Dario Amodei framed the Project Glasswing rollout as an opportunity to “create a fundamentally more secure internet and world than we had before the advent of AI-powered cyber capabilities.” This is not rhetorical excess. It is, technically, accurate: the same capability that can chain together a 27-year-old kernel vulnerability into a privilege escalation exploit can, in the hands of defenders, systematically eliminate such vulnerabilities from the world’s most important software. The question is not whether this technology is transformative. It is whether the institutional infrastructure required to ensure that transformation benefits defenders more than attackers can be assembled in the time available.
Six months. Eighteen at the outside. That is the horizon Logan Graham has placed on the proliferation of Mythos-class capabilities across the industry.
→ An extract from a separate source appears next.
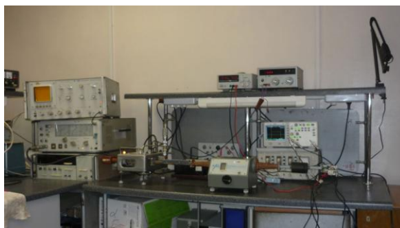
Рис. 2. Экспериментальная установка

В проекте создается принципиально новое приемно-передающее устройство [18–20]. Исследованы принципы построения антенн, генераторов видеоимпульсов, апробированы схемы приема и обработки сигналов. Разработаны и реализованы варианты логарифмических усилителей, устройств цифровой обработки. Имеется большой теоретический и практический научный задел по сверхширокополосным системам исследования электродинамических характеристик природных и техногенных сред в широком частотном диапазоне электромагнитных излучений. Проведены предварительные исследования СВЧ-передатчика большой мощности на диоде Ганна. Достигнуты следующие технические характеристики передатчика: рабочая частота – 9,3...9,5 ГГц; выходная импульсная мощность – не менее 15 Вт; длительность импульсов запуска – 1000 нс; ток диода Ганна – 0,9...1,2 А; время установления и спада СВЧ-импульса – 6 нс; амплитуда импульса запуска – 5 В; напряжение источника питания – 60 В; потребляемый ток – 30 мА. Передатчик был разработан и используется в системах ближней радиолокации, но его технические характеристики позволяют использовать передатчик в системах MWD.

The global financial cost of cybercrime already runs to an estimated $500 billion annually, a figure that was compiled before any model approached Mythos’s level of autonomous vulnerability discovery. Policymakers in Washington, Brussels, and Beijing who are not currently treating this as an emergency are, as one source briefed on Mythos told Axios with commendable directness, “not remotely ready.”
Anthropic rolled out its most powerful cyber AI model days after leaking its own source code. The irony is real. So is the threat. And so, potentially, is the opportunity — if the institutions responsible for governing it can move at the speed the technology demands, rather than the speed at which governments customarily prefer to operate. History suggests that gap will be considerable. The Mythos timeline suggests that gap may, for once, be decisive.